What Actually Works to Reduce Winter Condensation
The good news is that winter condensation is fixable. It takes a combination of approaches rather than a single silver bullet, but none of it is complicated.
Ventilation
Getting air moving through the house is the most effective thing you can do. A positive pressure ventilation system draws drier filtered air from the roof cavity and pushes it through the living spaces, displacing the stale, moisture-laden air that builds up when the house is closed. It runs automatically whether you are home or not.
Even opening windows for 10 to 15 minutes in the morning can help on days when the outdoor air is drier, though this is not always practical in the wettest parts of the country.
Consistent Heating
Keeping the house at a steady, moderate temperature reduces the cold surfaces that condensation needs. You do not need tropical levels, just enough to stop walls and windows from dropping to the point where moisture settles.
A heat pump running at 18 degrees through the evening and overnight is far more effective than cranking it to 25 for an hour and switching it off.
The heat pump technology actually works most efficiently at 20-22°C.
Reducing Moisture at the Source
Small changes add up. Using lids when cooking, running the extractor fan during and for 15 minutes after every shower, drying clothes outside or in a ventilated garage rather than the lounge, and avoiding unflued gas heaters are all practical steps that lower the total moisture load inside the home.

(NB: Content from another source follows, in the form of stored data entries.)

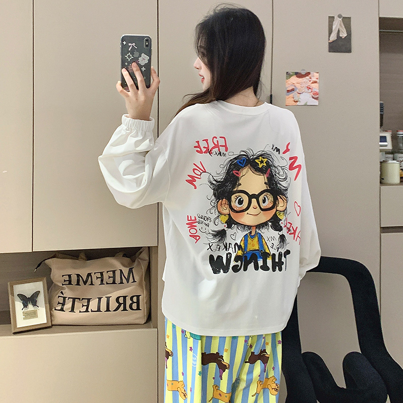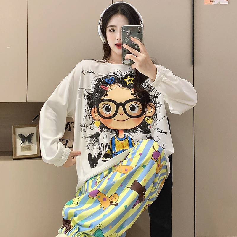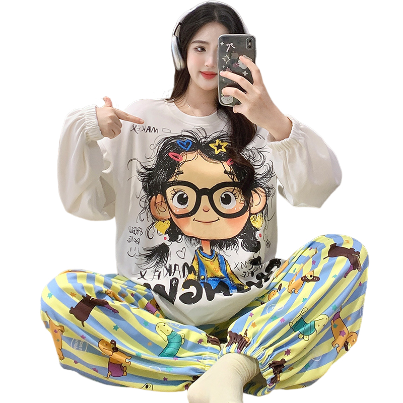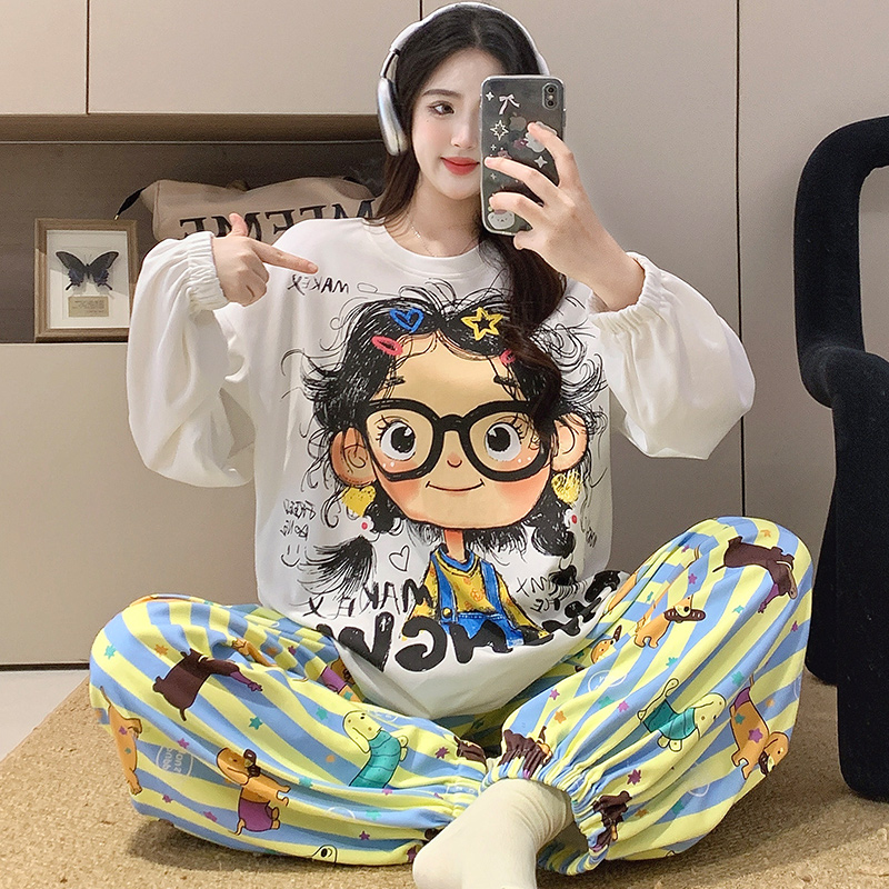 德绒睡衣女秋冬季保暖长袖可外穿女士大码套装卡通少女甜美家居服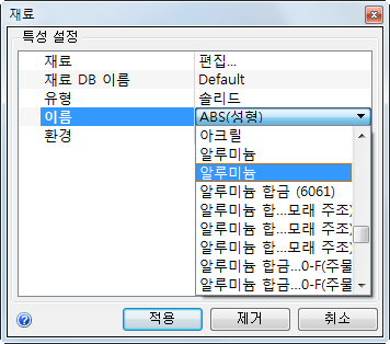 5. 이름 메뉴에서 알루미늄을 선택합니다.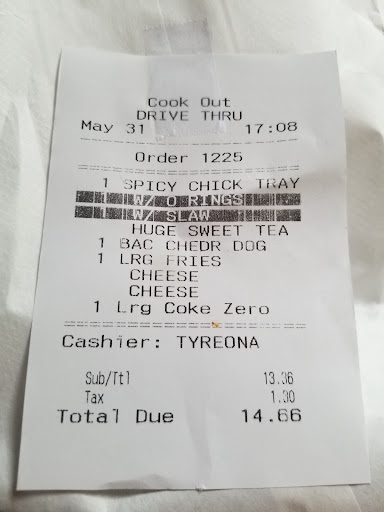 Read moreThe service here is always great. I NEVER like to complain but this experience just bothers me so much. There’s this one guy named Solom who worked the drive thru window on Sunday November 10th at 1:40am!!!! He lead me to experience the absolute worst experience in all for ever going back to Cook Out all over a simple Chicken Quesadilla that was ordered and I never received it in my cookout tray. I’ve never in my life experienced such disrespect over a food item that was never received. This experience was highly embarrassing and the reason why I try to avoid dealing with people at fast food establishments because their customer service skills are the absolute worst. I’ve had the incident where I had onion rings instead of the 2 sides I originally asked for. And the drive thru person never argued with me but this guy was completely just down right rude about a quesadilla I’m so thankful it wasn’t an actual full meal who knows what he would’ve acted like if he’s capable of acting in such way over a quesadilla to me as a guest in...

Frequently Asked Questions
Does condensation only happen in winter?
It is most noticeable and most damaging in winter, but it can happen at any time of year if conditions are right. Bathrooms can get condensation after a hot shower, even in summer, and poorly ventilated rooms can build up moisture in autumn and spring. Winter just makes everything worse because of the bigger temperature gaps and reduced ventilation.
Will double glazing stop winter condensation?
Double glazing significantly reduces condensation on the glass itself because the inner pane stays much warmer than single glazing.
It will not eliminate condensation entirely, though, especially if indoor humidity is high. You still need adequate ventilation and heating alongside it.
Is it normal for every window to have condensation in winter?
It is common, but it is not something you should just accept. If every window in the house is streaming with moisture in the morning, that is a strong sign that the indoor humidity is too high, and the home needs better ventilation, better heating, or both.